[EXERCISE INSTRUCTIONS] Within the lines below, the span from the line with "В третьей строчке" to the line with "Bright red rain", both ends included, is to be reproduced exactly, with pictures omitted.

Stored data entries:
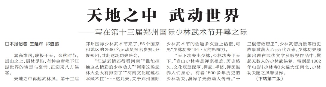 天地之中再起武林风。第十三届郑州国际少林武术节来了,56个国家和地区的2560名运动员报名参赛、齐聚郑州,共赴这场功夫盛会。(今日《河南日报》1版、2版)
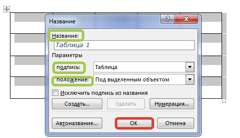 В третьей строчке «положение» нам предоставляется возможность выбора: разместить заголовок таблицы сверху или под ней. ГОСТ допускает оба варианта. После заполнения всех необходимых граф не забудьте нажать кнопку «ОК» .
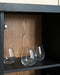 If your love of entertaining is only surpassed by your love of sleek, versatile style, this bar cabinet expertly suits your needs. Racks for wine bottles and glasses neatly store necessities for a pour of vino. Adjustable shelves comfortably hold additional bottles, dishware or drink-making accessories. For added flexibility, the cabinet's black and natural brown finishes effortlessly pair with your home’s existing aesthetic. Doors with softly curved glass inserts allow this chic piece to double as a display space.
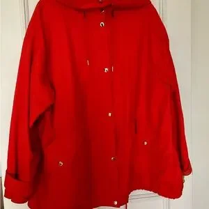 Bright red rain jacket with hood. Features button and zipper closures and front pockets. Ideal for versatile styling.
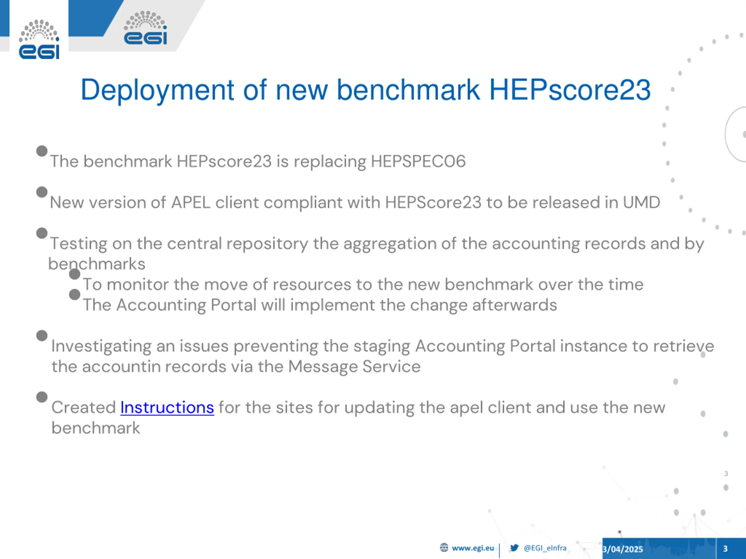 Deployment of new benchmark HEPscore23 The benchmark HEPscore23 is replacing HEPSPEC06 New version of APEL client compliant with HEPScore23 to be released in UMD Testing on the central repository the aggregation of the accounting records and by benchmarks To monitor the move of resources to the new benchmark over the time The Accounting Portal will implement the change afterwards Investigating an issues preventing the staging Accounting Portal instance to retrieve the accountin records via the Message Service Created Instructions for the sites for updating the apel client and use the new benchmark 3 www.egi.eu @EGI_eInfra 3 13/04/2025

[RESPONSE BELOW]
 В третьей строчке «положение» нам предоставляется возможность выбора: разместить заголовок таблицы сверху или под ней. ГОСТ допускает оба варианта. После заполнения всех необходимых граф не забудьте нажать кнопку «ОК» .
 If your love of entertaining is only surpassed by your love of sleek, versatile style, this bar cabinet expertly suits your needs. Racks for wine bottles and glasses neatly store necessities for a pour of vino. Adjustable shelves comfortably hold additional bottles, dishware or drink-making accessories. For added flexibility, the cabinet's black and natural brown finishes effortlessly pair with your home’s existing aesthetic. Doors with softly curved glass inserts allow this chic piece to double as a display space.
 Bright red rain jacket with hood. Features button and zipper closures and front pockets. Ideal for versatile styling.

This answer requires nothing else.